Prostate cancer treatment with pembrolizumab and olaparib yields promising outcomes: Study

USA: According to a research published in the European Urology journal, pembrolizumab plus olaparib exhibited an antitumor effect and predicted safety in patients suffering from metastatic castration-resistant prostate cancer.

With numerous therapy options available for both hormone-sensitive and metastatic castration-resistant prostate cancer, the standard of care for the disease is continuously evolving. In the open-label phase 1b KEYNOTE-028 and phase 2 KEYNOTE-199 clinical studies, pembrolizumab, an inhibitor of the programmed cell death protein 1 (PD-1) has shown some early promise as a monotherapy. The US Food and Drug Administration has authorized olaparib, a PARP inhibitor, for a group of patients with harmful or suspected germline or somatic homologous recombination repair (HRR) gene-mutated metastatic castration-resistant prostate cancer whose disease has advanced on abiraterone or enzalutamide therapy.

"For individuals with metastatic castration-resistant prostate cancer, recent therapeutic advances have increased survival and quality of life. Yet the median overall survival for individuals with metastatic illness receiving newer therapy is only about 2.8 years, highlighting the need for novel drugs that might enhance patient outcomes," the authors wrote.

The goal of the study was to assess the effectiveness and safety of pembrolizumab + olaparib in metastatic castration-resistant prostate cancer.

KEYNOTE-365 is a multicohort, nonrandomized, multicenter, open-label phase 1b or 2 trial. Individuals with molecularly unselected, docetaxel-pretreated mCRPC who developed disease within 6 months of screening were recruited in cohort A in eight nations (Australia, Canada, France, Germany, New Zealand, Spain, UK, and USA). Patients received olaparib 400 mg capsules (for the first 40 patients enrolled) or 300 mg tablets twice daily until confirmed disease progression, intolerable toxicity, or withdrawal of consent. Patients also received pembrolizumab 200 mg intravenously every 3 weeks (Q3W) for up to 35 cycles (roughly 24 mo). The primary objectives were safety, confirmed PSA response rate, and objective response rate (ORR) according to Response Evaluation Criteria in Solid Tumors (RECIST), version 1.1, by blinded independent central review.
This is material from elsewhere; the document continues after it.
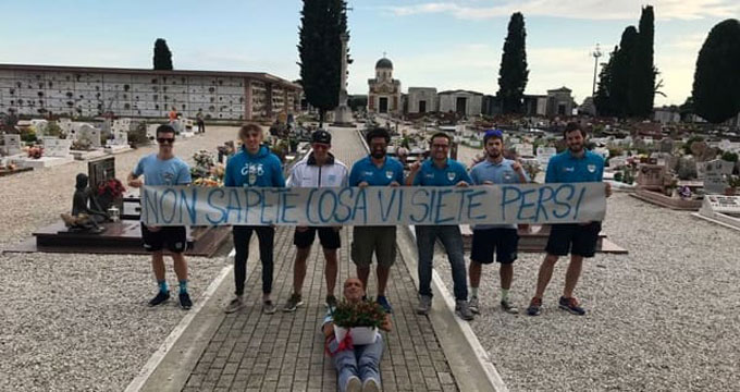 Per festeggiare la vittoria nel palio del Vecchio Mercato di Montebelluna, conquistata domenica scorsa, i componenti della squadra della Pieve hanno pensato bene di festeggiare con una foto tra il goliardico e il grottesco: si sono fatti immortalare, al cimitero, con uno striscione con su scritto “Cosa vi siete persi“. La reazione a quell’immagine che rapidamente è diventata virale su Facebook è stata di sdegno e di rabbia. Non potevano certo immaginare che la trovata scatenasse un vespaio, ma così fatalmente è stato.

Radiographic progression-free survival (rPFS) and overall survival (OS) were the secondary outcomes.

Key highlights of the trial:

• 24 months was the median amount of time between the first dose and database cutoff (IQR, 22–47). 15% of PSAs were verified as being responded to.
• Patients with detectable illness had a verified ORR of 8.5% (five partial responses).
• While the median overall survival was 14 mo (95% CI, 10.4-18.2), the median rPFS was 4.5 mo (95% confidence range [CI], 4.0-6.5).
• For both the homologous recombination repair mutation and programmed death ligand 1 (PD-L1)-positive groupings, clinical activity was constant. 93 individuals (91%) experienced treatment-related adverse events. 49 individuals (48%) had grade 3-5 treatment-related adverse events.
• Six deaths (5.9%) resulted from adverse events, and two of these (a myocardial infarction and a death from an undetermined cause) were linked to the medication.
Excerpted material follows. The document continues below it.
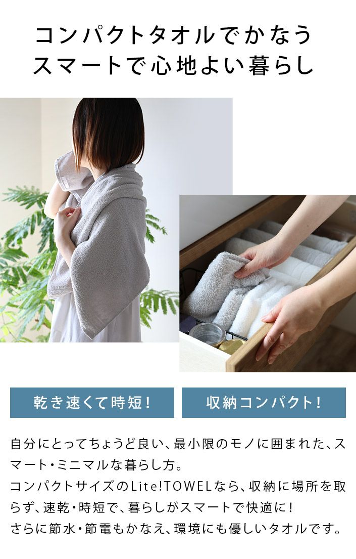 ハンドタオル、フェイスタオル、バスタオル、バスタオル代わりに使えるビッグフェイスタオル&ミニバスタオルの5サイズ展開。

The authors concluded that molecularly unselected, docetaxel-pretreated metastatic castration-resistant prostate cancer patients who had previously received treatment showed antitumor activity in response to pembrolizumab + olaparib, which had a safety profile commensurate with the profiles of the individual drugs.

REFERENCE

Yu EY, Piulats JM, Gravis G, Fong PCC, Todenhöfer T, Laguerre B, Arranz JA, Oudard S, Massard C, Heinzelbecker J, Nordquist LT, Carles J, Kolinsky MP, Augustin M, Gurney H, Tafreshi A, Li XT, Qiu P, Poehlein CH, Schloss C, de Bono JS. Pembrolizumab plus Olaparib in Patients with Metastatic Castration-resistant Prostate Cancer: Long-term Results from the Phase 1b/2 KEYNOTE-365 Cohort A Study. Eur Urol. 2022 Aug 30:S0302-2838(22)02554-4. doi: 10.1016/j.eururo.2022.08.005. Epub ahead of print. PMID: 36055895.